Stock market comeback is now in the hands of China-US trade talks


Trade talks involving the U.S.and China will dominate the market’s focus in the week beforehand, while investors are also watching to see whether other companies join the ranks of Apple and warn about an earnings miss.

Apple blamed a significant revenue miss because of a sudden drop off in iPhone earnings in China last November 2018. The strike was seen as an indication that not only the trade tensions hitting China’s economy, but also the U.S. economy and corporations. Apple’s remarks came the day before a spectacular drop in ISM manufacturing data which was also blamed on trade friction. The S&P 500 surged over 3.3 percent to 2,531 and was up 1.7 percent for the week. The S&P was up more than 7.5 percent from its Dec. 24 low near. Krosby said the market needs to build on its gains. “This has been a market that had all of the signatures of the bear claws death by 1,000 cuts. No data release was viewed as positive. Everything was seen as negative. If we could turn that psychology around and build on it, but we’re waiting to see whether there are sellers that have been waiting to escape. We will need to find out if they are still there.” “This market had was a strong data launch, an unequivocally powerful data release,” said Krosby.

From this standpoint, it decreases the risk that the Fed will increase too far like it did in 2004 and 2006. “The question is, are we planning to have warnings? Given the financial data that we have seen, particularly the downturn from the new orders component, we probably are likely to have warnings, and the issue is, can it be baked into stock prices? We believe, for the most part, it is,” said Emanuel. Economists expect U.S. growth to slow slightly, to the 2-2.5 percent range in the first half but markets have been responding to the prospect of an even slower market.

The ISM data for December was particularly discouraging due to a steep drop in new orders. He is expected to deliver the exact dovish message about flexibility in regards to policy and patience in regards to raising interest rates. “China is going to be absolutely the big thing,” said Julian Emanuel, chief equities and derivatives strategist in BTIG.

China cut reserve requirements on Friday to encourage more bank financing, its latest policy transfer aimed at ending a recession.
Powell also signaled the Fed could be”patient” and it will be flexible and prepared to change policy when it sees changes in conditions. Powell had stated the Fed’s balance sheet reduction program was ‘on autopilot’ when he spoke in December, which spooked some investors that wanted to see that the Fed willing to modify its policy from the face of the market’s sell-off. Emanuel said the rally on the Fed was vital since it was a concern because of its market. He expects the Fed to stay on hold this season and announce that it will stop the roll from its balance sheet from mid-year.

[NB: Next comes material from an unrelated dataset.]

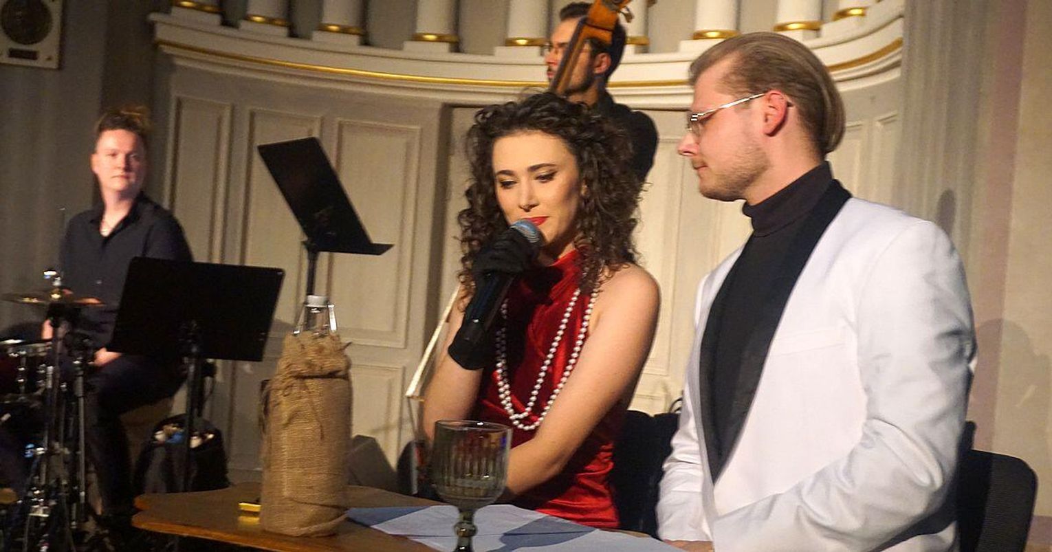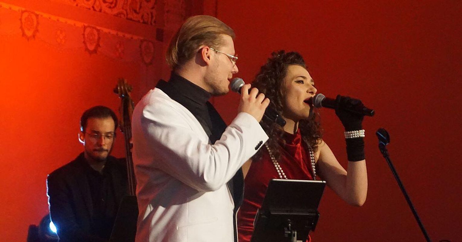 Aula im. Kajetana Morykoniego Liceum Ogólnokształcącego im. Marszałka Stanisława Małachowskiego wypełniła się nadkompletem publiczności, który z zapartym tchem śledził akcję premierowo prezentowanego widowiska „Miłość w rytmie retro”. Parze wokalistów – Klaudii Szmidt i Łukaszowi Bojaczukowi towarzyszyła formacja The Goaters, która zazwyczaj występuje jako trio, tym razem jednak poszerzona została o perkusję i perkusjonalia.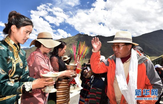 6月18日,嘎沖村群眾(左)向來自遠方的新鄰居敬獻青稞酒。

China, more likely to concede in trade discussions, says Brookings’ David Dollar 5:56 PM ET Fri, 4 Jan 2019 Markets will also remain heavily centered on data following the feeble ISM survey followed by a surprisingly strong December job report with 312,000 nonfarm payrolls added. The employment report showed a healthy labor market, together with wage growth of 0.4 percent and a pickup in participation by over 400,000 workers. “That makes people feel better, and from our point of view, it makes it more likely that this is going for a shorter, shallower non-recessionary bear market,” said Emanuel. The S&P 500 has temporarily visited a bear market, decreasing 20 percent from its all-time high on an intraday basis.

Throughout his appearance Friday, Powell indicated that inflation wasn’t an issue for the Fed and the market remains in good shape despite concerns. He also said the Fed has been paying attention to the current market, which is reflecting a weaker outlook than the data suggests. “What the market requires next week and the week after is favorable guidance from businesses. What are firms telling us? What are their clients telling us” Said Quincy Krosby, the chief market strategist at Prudential Financial. “If we could move out of stellar earnings to a more moderate earnings background, the marketplace will accept this but if advice is weak and organizations are decreasing revenue development, that will influence the market.” “This reinforces the view that the bulk of the bear market decline is behind us, and there’s at least an expectation that communication between the U.S. and China is poised to improve rather than become acrimonious throughout the next few weeks,” he said.